EXERCISE DATA.

-=-=-

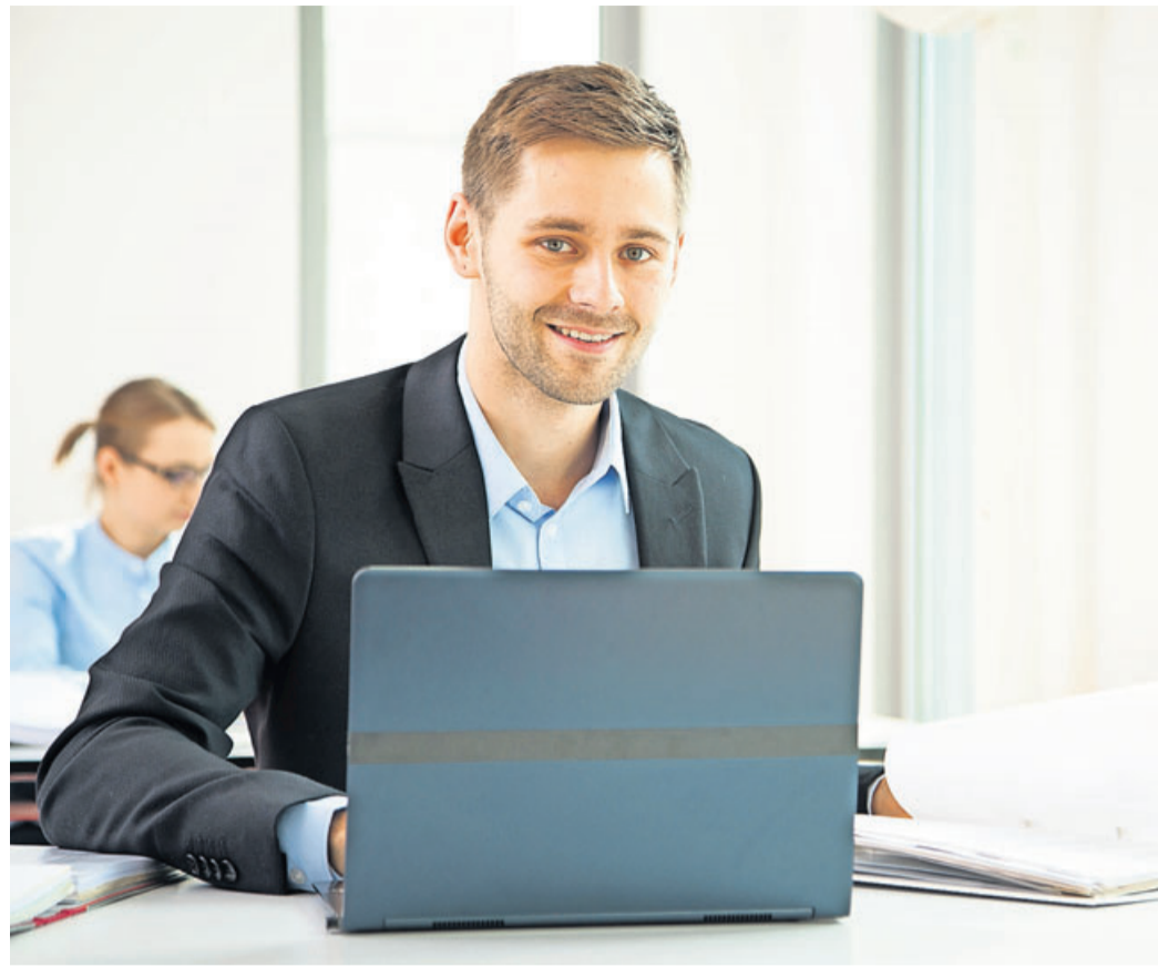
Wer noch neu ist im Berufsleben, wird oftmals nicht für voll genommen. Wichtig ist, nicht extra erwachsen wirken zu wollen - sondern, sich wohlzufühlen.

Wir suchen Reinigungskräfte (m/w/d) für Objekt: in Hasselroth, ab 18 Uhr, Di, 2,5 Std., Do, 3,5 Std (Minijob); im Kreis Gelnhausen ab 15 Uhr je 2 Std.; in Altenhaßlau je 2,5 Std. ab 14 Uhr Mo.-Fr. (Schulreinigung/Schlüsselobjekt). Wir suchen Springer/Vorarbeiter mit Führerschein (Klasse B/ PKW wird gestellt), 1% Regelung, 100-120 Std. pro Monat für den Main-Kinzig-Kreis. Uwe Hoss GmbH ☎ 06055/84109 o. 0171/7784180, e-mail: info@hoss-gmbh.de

-=-=-

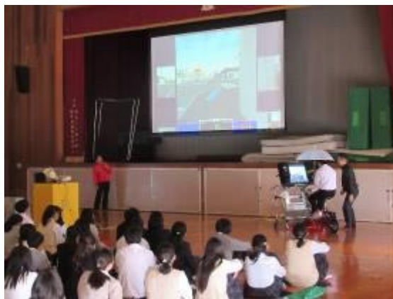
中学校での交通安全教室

-=-=-

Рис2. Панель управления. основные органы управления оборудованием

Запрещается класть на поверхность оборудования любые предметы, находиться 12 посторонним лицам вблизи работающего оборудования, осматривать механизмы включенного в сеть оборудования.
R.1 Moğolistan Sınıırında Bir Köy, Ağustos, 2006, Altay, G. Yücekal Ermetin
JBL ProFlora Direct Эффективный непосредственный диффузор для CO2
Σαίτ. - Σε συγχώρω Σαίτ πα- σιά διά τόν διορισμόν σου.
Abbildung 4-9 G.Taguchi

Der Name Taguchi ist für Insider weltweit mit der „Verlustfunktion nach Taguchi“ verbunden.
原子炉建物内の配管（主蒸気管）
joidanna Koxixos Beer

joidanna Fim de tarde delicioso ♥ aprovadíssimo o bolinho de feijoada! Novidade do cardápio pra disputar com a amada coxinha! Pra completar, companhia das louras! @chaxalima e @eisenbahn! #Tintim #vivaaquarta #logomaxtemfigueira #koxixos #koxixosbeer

-=-=-

TASK TO COMPLETE. Return the lines of the records that include the string "Taguchi".

COMPLETED TASK.
Abbildung 4-9 G.Taguchi
Der Name Taguchi ist für Insider weltweit mit der „Verlustfunktion nach Taguchi“ verbunden.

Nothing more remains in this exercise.